If your company doesn’t hold a holiday party or offers only a modest office pizza buffet, then you clearly aren’t working alongside Peter Wold or Stanley S. Hubbard. Both men relish hosting lavish December workplace parties, and they don’t give a second thought to spending five figures on their annual celebrations.
Wold, a veteran lawyer, hosts an annual bash and shares the cost with defense attorneys from different firms: David Valentini, Faison Sessoms and Tom Shiah. “It is the largest legal holiday party in town,” Wold tells TCB. “We have 1,200 to 1,500 people.”
Hubbard, chairman and CEO of Hubbard Broadcasting, expects his party at the Minneapolis Hilton will attract more than 500 employees and guests. “It is a cocktail party, a wonderful meal and first class all the way.”
At both parties, alcohol is on the menu. “We have food, an open bar from 5 to 8,” says Wold, who has hosted parties at the Muse Event Center and Fine Line Music Cafe. “We have music and Wally the Beer Man is always there carrying a tray of beer around.” At the Hubbard party, “we hand out drink tickets,” Hubbard says, “because we don’t want people getting drunk.”
Wold and Hubbard are throwbacks to a time when lavish company holiday parties were commonplace. The Society for Human Resource Management conducted a survey two years ago and found only 65 percent of employers planned to have any type of holiday party. Among those, only 59 percent intended to serve alcohol.
Hubbard, 84, is carrying on his father’s tradition: “It’s a chance for us to tell everybody we really appreciate them.” Hubbard makes party speeches, a combination of the serious and humorous. “I always try and find a couple of jokes,” Hubbard says. “My wife Karen wants to crawl under the table.”

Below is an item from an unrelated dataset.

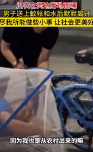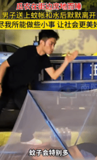 不值钱的东西这一刻也是无价之宝!郑州深夜街头,瓜农不舍得花钱席地而睡,一男子看到后直接走到他们身边,原本以为是劝告他们离开,谁知,随后男子拿出一样东西让瓜农们直接笑了。 因为自己淋过雨,所以也想要为别人撑把巨大的伞。 8月郑州的天十分炎热,夜晚的温度只增不减闷热不已。 但路边的马路上却躺着很多瓜农,因为都是直接拉了一大车西瓜从周边的农村过来,晚上也不舍得花钱住宾馆,就随便在路边凑合着睡觉。 这天晚上,小刘和朋友刚好在外边聚会结束已经很晚了,结果回家路上发现了很多躺在马路上休息的瓜农们。 看着这些年龄很大的叔叔爷爷躺在地上,小刘心里很不是滋味。 想着这几天天非常热,晚上蚊虫也很多,像这些瓜农们直接赤身裸体的躺在地上很容易被蚊虫叮咬。 随后小刘转身离开没一会又回来径直走到这些瓜农们的旁边,原来小刘和朋友去了附近超市买了很多蚊帐和矿泉水。 随后两人悄悄的把蚊帐罩在他们身上,然后默默的把矿泉水放在他们身边然后离开了。 事后小刘表示自己也是农村出来的孩子,所以很清楚这些瓜农们大老远的过来卖瓜很辛苦,自己也只是做了一件小事,只希望他们能平安健康早日卖光西瓜赚钱回家。 对此有网友也直言“这蚊帐不值钱,但这一刻在瓜农们的心里就是无价之宝。” 那么对于这件事,你有什么看法呢?

When he was a young lawyer in the early 1980s, Wold says he hosted his first holiday party at McCready’s Bar with law partner David Jacobs. While the annual party has grown, the approach is the same. “There is no program,” Wold says. “It is just for fun.” The event attracts prosecutors, defense lawyers, judges, politicians and athletes. The music is usually a mix of rock ’n’ roll and reggae. “We’ve always expected the Stones would show up and join the party,” Wold adds. “They haven’t done it yet, but they are more than welcome.”